The subclass \(\mathcal {RL}^{^{(m)}}\) of \({\mathcal {S}}^{(m)}\) is the set of m-fold symmetric functions with bounded turning subordinated with \(\sqrt{1+z} \). More precisely,

$$\begin{aligned} \mathcal {RL}^{^{(m)}}=\left\{ f\in {\mathcal {S}}^{(m)}:f^{\prime }\left( z\right) =\sqrt{\frac{2p\left( z\right) }{p\left( z\right) +1}}\text { with } p\in {\mathcal {P}}^{(m)}\quad \left( z\in {\mathbb {D}}\right) \right\} , \end{aligned}$$
(5.2)

where the set \({\mathcal {P}}^{(m)}\) is defined by

$$\begin{aligned} {\mathcal {P}}^{(m)}=\left\{ p\in {\mathcal {P}}:p\left( z\right) =1+\sum \limits _{n=1}^{\infty }c_{mn}z^{mn}\quad \left( z\in {\mathbb {D}} \right) \right\} . \end{aligned}$$
(5.3)

Theorem 5.1

If \(f\in \mathcal {RL}^{\left( 2\right) }\), then

$$\begin{aligned} \left| H_{4,1}\left( f\right) \right| \le \frac{1}{600}. \end{aligned}$$

Proof

Since \(f\in \mathcal {RL}^{\left( 2\right) },\) there exists a function \(p\in {\mathcal {P}}^{\left( 2\right) }\) such that

$$\begin{aligned} f'(z)=\sqrt{\frac{2p\left( z\right) }{p\left( z\right) +1}}. \end{aligned}$$

For \(f\in \mathcal {RL}^{\left( 2\right) },\) using the series form (5.1) and (5.3) with \(m=2\), we can write

$$\begin{aligned} f^{\prime }\left( z\right) =1+3a_{3}z^{2}+5a_{5}z^{4}+7a_{7}z^{6}+\cdots , \end{aligned}$$
(5.4)

and

$$\begin{aligned} \sqrt{\frac{2p\left( z\right) }{p\left( z\right) +1}}=1+\frac{1}{4} c_{2}z^{2}+\left( \frac{1}{4}c_{4}-\frac{5}{32}c_{2}^{2}\right) z^{4}+\left( \frac{1}{4}c_{6}-\frac{5}{16}c_{2}c_{4}+\frac{13}{128}c_{2}^{3}\right) z^{6}+\cdots . \nonumber \\ \end{aligned}$$
(5.5)

Comparing (5.4) with (5.5), we obtain

$$\begin{aligned} a_{3}= & {} \frac{1}{12}c_{2}, \\ a_{5}= & {} \frac{1}{5}\left( \frac{1}{4}c_{4}-\frac{5}{32}c_{2}^{2}\right) , \end{aligned}$$

and

$$\begin{aligned} a_{7}=\frac{1}{7}\left( \frac{1}{4}c_{6}-\frac{5}{16}c_{2}c_{4}+\frac{13}{128 }c_{2}^{3}\right) , \end{aligned}$$

while \(a_{2}=a_{4}=a_{6}=0,\) so it is clear that for \(f\in \mathcal {RL} ^{\left( 2\right) },\)

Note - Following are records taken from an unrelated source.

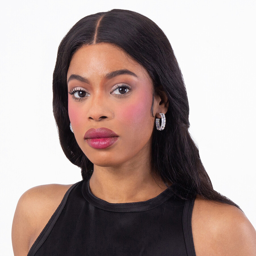 Swarovski Ladies Earrings. Millenia series. SKU: 5689681. Swarovski Matrix Hoop Earrings. Make a statement with the Swarovski Matrix Hoop Earrings. Featuring a row of rectangular-cut clear Swarovski crystals, these rhodium-plated hoops combine modern architectural style with brilliant sparkle. Expertly set to maximize light reflection, they offer a glamorous touch for both everyday wear and special occasions. Material: Rhodium-plated metal, Swarovski crystals (rectangular cut). Closure: Post back with secure fastening.
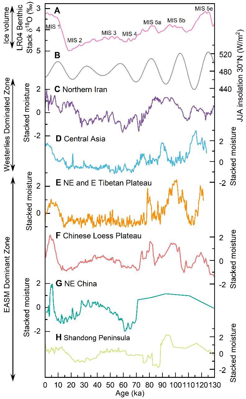 研究發(fā)現(xiàn),在冰期—間冰期時間尺度上,亞洲濕度變化總體表現(xiàn)為冰期降低、間冰期升高的同相位變化模式。但在間冰期內(nèi)部,西風影響區(qū)與季風影響區(qū)降水呈現(xiàn)顯著不同步演化。研究指出,軌道尺度上亞洲降水變化的核心控制因素是地表溫度變化,太陽輻射驅(qū)動的大氣環(huán)流演變是造成降水不同步的主導機制。
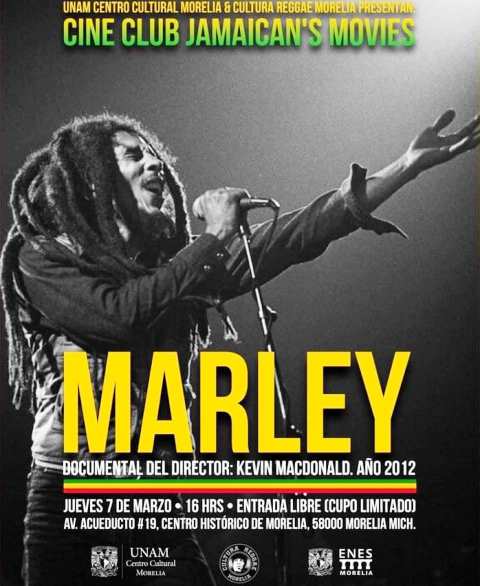 Para iniciar con este ciclo se proyectará el documental Marley (2012) del director Kevin Macdonald. En este documental se narra la vida del músico y leyenda Bob Marley, desde sus primeros días de vida hasta alcanzar la fama internacional. Conmemorando el “Bob Marley Day” el 6 de febrero, que marca el nacimiento la leyenda del reggae; y la fiebre que ocasionó el estreno de la película “Bob Marley: La Leyenda”, es pertinente dar inicio a este ciclo de proyecciones de la cultura jamaicana con la historia de su mayor exponente.
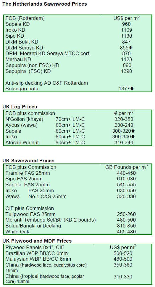 European tropical hardwood consumption next year. Few
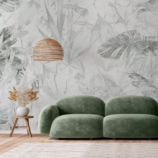 Фотошпалери Квіткова абстракція в стилі гранж з імітацією потертості, відтінки зеленого w03926v2
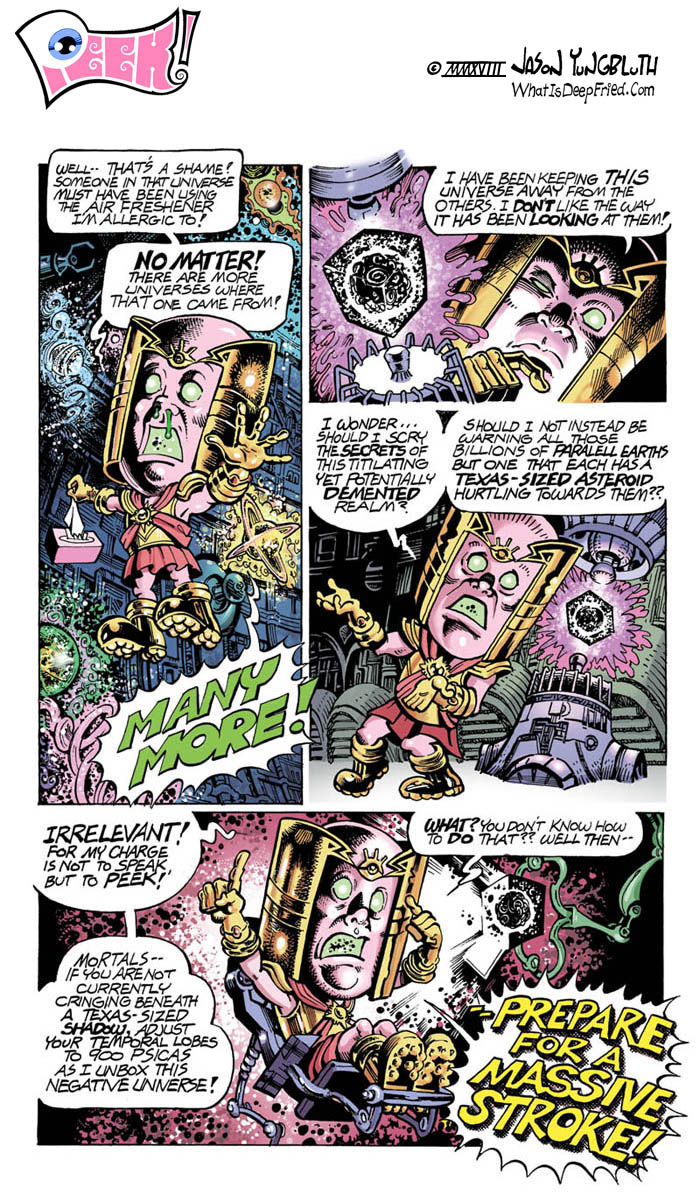 Peek the First 3 by JY on February 28, 2018 at 12:00 am Chapter: 1 Peek the First └ Tags: Clarissa, comic, homor, Marvel, parody, peek, peeker, sci-fi, super friends, Watcher, yungbluth
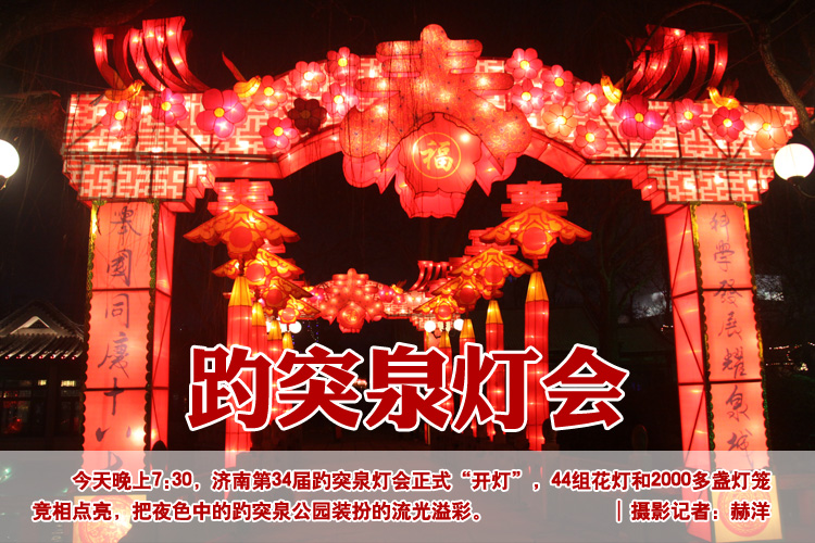 大眾網濟南2月6日訊(記者 赫洋)今天晚上7:30,濟南第34屆趵突泉燈會正式“開燈”,44組花燈和2000多盞燈籠競相點亮,把夜色中的趵突泉公園裝扮的流光溢彩。
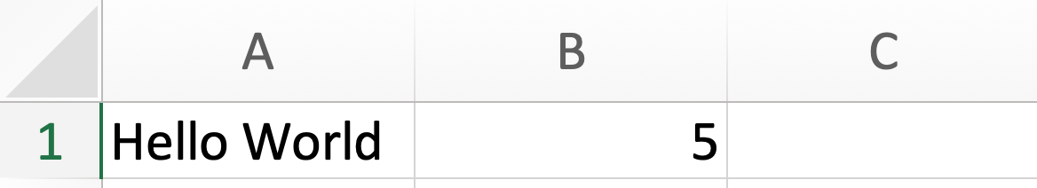 Excel supports several types of literals. If we write ="Hello World" in A1 and =5 in A2, we’ll see the words "Hello World" are left aligned whereas the number 5 is right aligned. That’s because Excel knows that "Hello World" is text and 5 is a number.
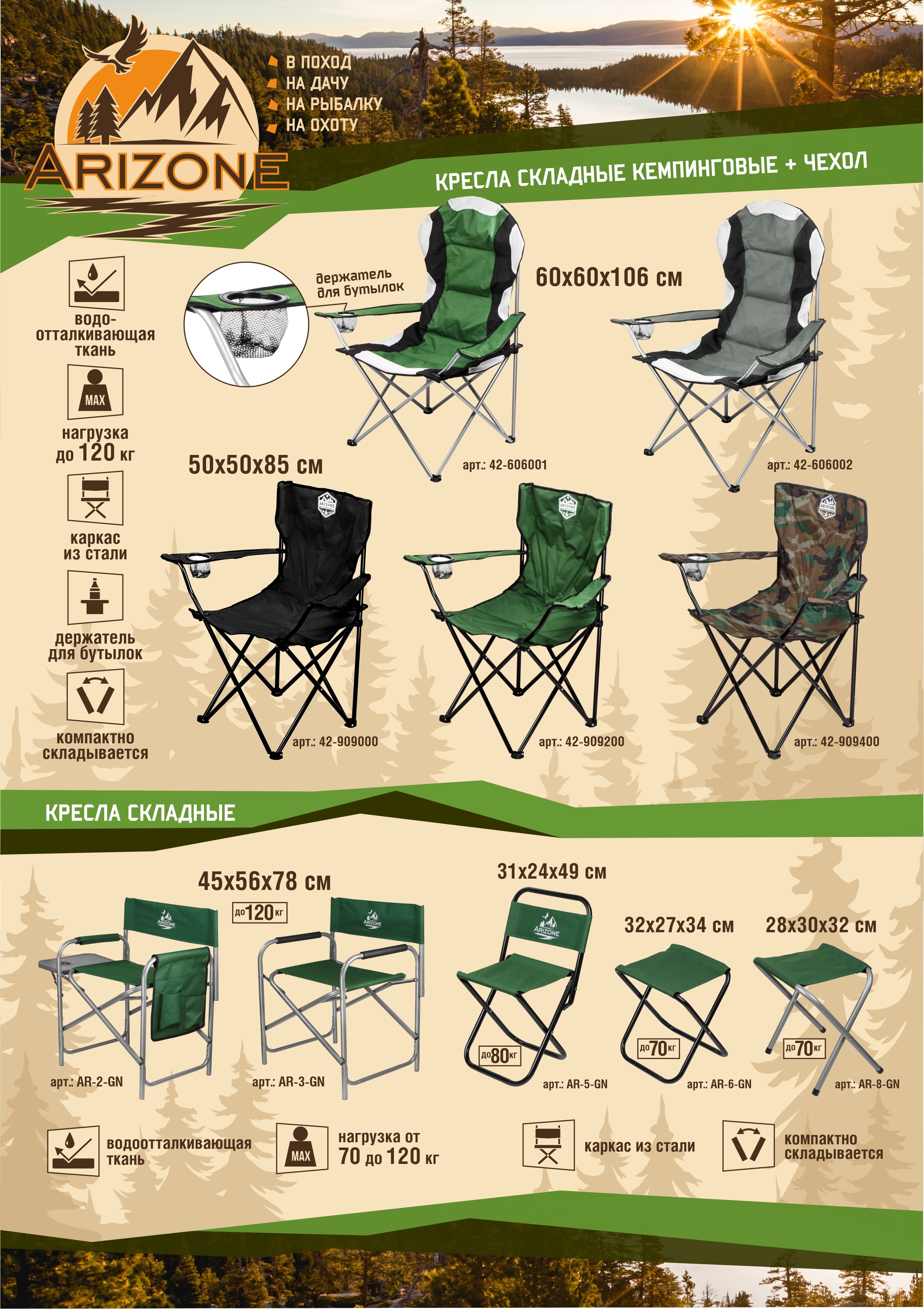 Кресло складное кемпинговое с держателем для бутылок + чехол, зеленое, серия Coyote, ARIZONE

$$\begin{aligned} H_{4,1}\left( f\right) :=\left( a_{5}-a_{3}^{2}\right) \left( a_{3}a_{7}-a_{5}^{2}\right) . \end{aligned}$$

Therefore, we get

$$\begin{aligned} a_{5}-a_{3}^{2}=\frac{1}{5}\left( \frac{1}{4}c_{4}-\frac{5}{32}c_{2}^{2} \text { }\right) -\frac{1}{144}c_{2}^{2}=\frac{1}{20}c_{4}-\frac{11}{288} c_{2}^{2}=\frac{1}{20}\left( c_{4}-\frac{55}{72}c_{2}^{2}\right) . \end{aligned}$$

By using (2.2) of Lemma 2.1, we have

$$\begin{aligned} \left| a_{5}-a_{3}^{2}\right| \le \frac{1}{10}. \end{aligned}$$
(5.6)

Furthermore, we see that

$$\begin{aligned} \begin{aligned} a_{3}a_{7}-a_{5}^{2}&=\frac{1}{2100}\left( -\frac{5}{4}c_{2}^{2}c_{4}+\frac{ 125}{256}c_{2}^{4}-\frac{21}{4}c_{4}^{2}+\frac{25}{4}c_{2}c_{6}\right) \\&=\frac{1}{2100}\left[ -\frac{5}{4}c_{2}^{2}\left( c_{4}-\frac{25}{64} c_{2}^{2}\right) -\frac{25}{4}\left( c_{8}-c_{2}c_{6}\right) +\frac{25}{4} \left( c_{8}-\frac{21}{25}c_{4}^{2}\right) \right] , \end{aligned} \end{aligned}$$

and then with the help of triangle inequality, (2.2) and (2.3), which yields

$$\begin{aligned} \left| a_{3}a_{7}-a_{5}^{2}\right| \le \frac{1}{60}. \end{aligned}$$
(5.7)

From (5.6) and (5.7), we conclude that

$$\begin{aligned} \left| H_{4,1}\left( f\right) \right| \le \frac{1}{600}. \end{aligned}$$

\(\square \)

Theorem 5.2

If \(f\in \mathcal {RL}^{\left( 3\right) }\), then

$$\begin{aligned} \left| H_{4,1}\left( f\right) \right| \le \frac{1}{896}. \end{aligned}$$

Proof

Let \(f\in \mathcal {RL}^{\left( 3\right) }\). Then there exists a function \( p\in {\mathcal {P}}^{\left( 3\right) }\) such that

$$\begin{aligned} f^{\prime }\left( z\right) =\sqrt{\frac{2p\left( z\right) }{p\left( z\right) +1}}. \end{aligned}$$

For \(f\in \mathcal {RL}^{\left( 3\right) },\) by using the series form (5.1) and (5.3) when\(\ m=3\), we can write

$$\begin{aligned} f'(z)=1+4a_{4}z^{3}+7a_{7}z^{6}+\cdots , \end{aligned}$$
(5.8)

and

$$\begin{aligned} \sqrt{\frac{2p\left( z\right) }{p\left( z\right) +1}}=1+\frac{1}{4} c_{3}z^{3}+\left( \frac{1}{4}c_{6}-\frac{5}{32}c_{3}^{2}\right) z^{6}+\cdots . \end{aligned}$$
(5.9)

By comparing (5.8) and (5.9), we get

$$\begin{aligned} a_{4}=\frac{1}{16}c_{3}, \end{aligned}$$
(5.10)

and

$$\begin{aligned} a_{7} =\frac{1}{7}\left( \frac{1}{4}c_{6}-\frac{5}{32}c_{3}^{2}\right) , \end{aligned}$$
(5.11)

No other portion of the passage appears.